La Edad Moderna, con su exaltación a las máquinas y la manipulación de la


materia, supuso que el factor teológico resultaba un elemento ajeno a sus
intereses. La creencia en un Dios no representaba, dentro del concierto de la
Sociedad de Mercado, más que un complemento, una ayuda o un adorno para el
vendedor y el consumidor. Tanto el mundo interior como la fe eran cuestiones no
vitales para la sobrevivencia por lo cual se podía prescindir de éstas sin que se
afectase el ritmo normal de vida. Más aún, a la hora de adquirir, la presencia del
Dios resultaba un estorbo, de modo que lo mejor era uniformizar la ética y la moral
en torno a ciertos principios universales de mercado para que no haya la posibilidad
de alguna censura por parte de tales creencias. Es por eso que se instauró la
llamada Doctrina de los Derechos Humanos que, bien analizada —y más allá de lo
bueno que utiliza como sustento— no es más que una supra religión que entroniza,
por encima de las demás, las leyes correctas del buen vivir moderno.

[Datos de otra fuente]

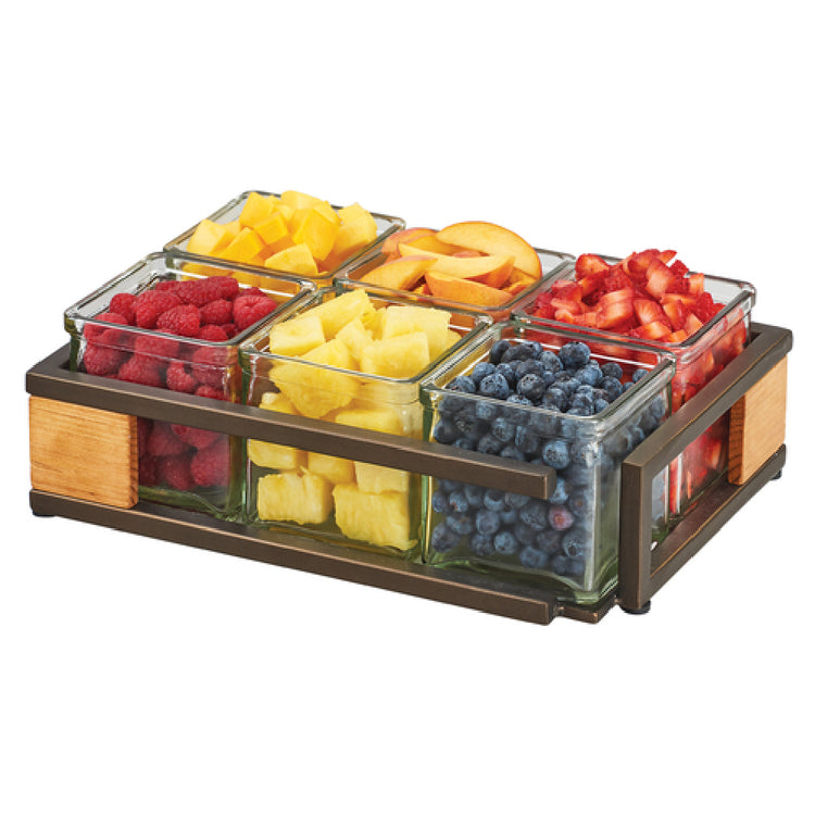 The Cal Mil 3910-6-84 Sierra Jar Display is an elegantly crafted storage solution, perfect for a variety of display needs across different market segments including hospitality, retail, and culinary industries. This functional piece measures 12-1/2"W x 9"D x 4-1/2"H, providing ample space to showcase contents while maintaining a sophisticated aesthetic. It includes six 4"W x 4"D glass jars, ideal for organizing and displaying a range of items from condiments to small retail goods. The rectangular design is complemented by a rustic pine base, exuding a natural charm that enhances any display setting. The sturdy metal frame with a bronze finish not only adds to the visual appeal but also ensures durability and stability, making it a reliable option for high-traffic environments. The Cal Mil 3910-6-84 Sierra Jar Display is an excellent choice for businesses seeking a versatile and stylish display solution, marrying both form and function to create a visually engaging presentation. Whether used in a restaurant buffet, a hotel breakfast bar, or a retail counter, this display set promises to elevate the presentation of products in any professional setting.

De modo que el Dios que tiene la Sociedad de Mercado no es el tradicional pues su


aspecto ético-moral se encuentra inserto en las normas del comercio. Por ejemplo,
robar es el más grande pecado en la modernidad puesto que es la acción que
atenta contra la esencia del juego de compra-venta donde lo sagrado es sinónimo
de la fe que tiene el comprador en el vendedor y viceversa. Por lo tanto no es que
exista en la modernidad un ateísmo completo sino uno relativo; el Dios Comercio es
el que en realidad preside todo acto (antiguamente llamaban fenicios a aquellos
que ponían por encima de todo el negocio, haciendo referencia a ese pueblo que se
caracterizaba por ello). En la modernidad dicha obsesión por el mercado ha dejado
de ser un insulto para convertirse más bien en una obligación sin la cual la vida no
tiene sentido. Negociar, vender, comprar, poseer, producir son las ideas más
compulsivas que mueven a las personas de esta época. Incluso los médicos han
dejado de tener “pacientes” para convertir a estos en “clientes”, dando a entender
que el ser humano es una entidad que se dedica al intercambio de servicios.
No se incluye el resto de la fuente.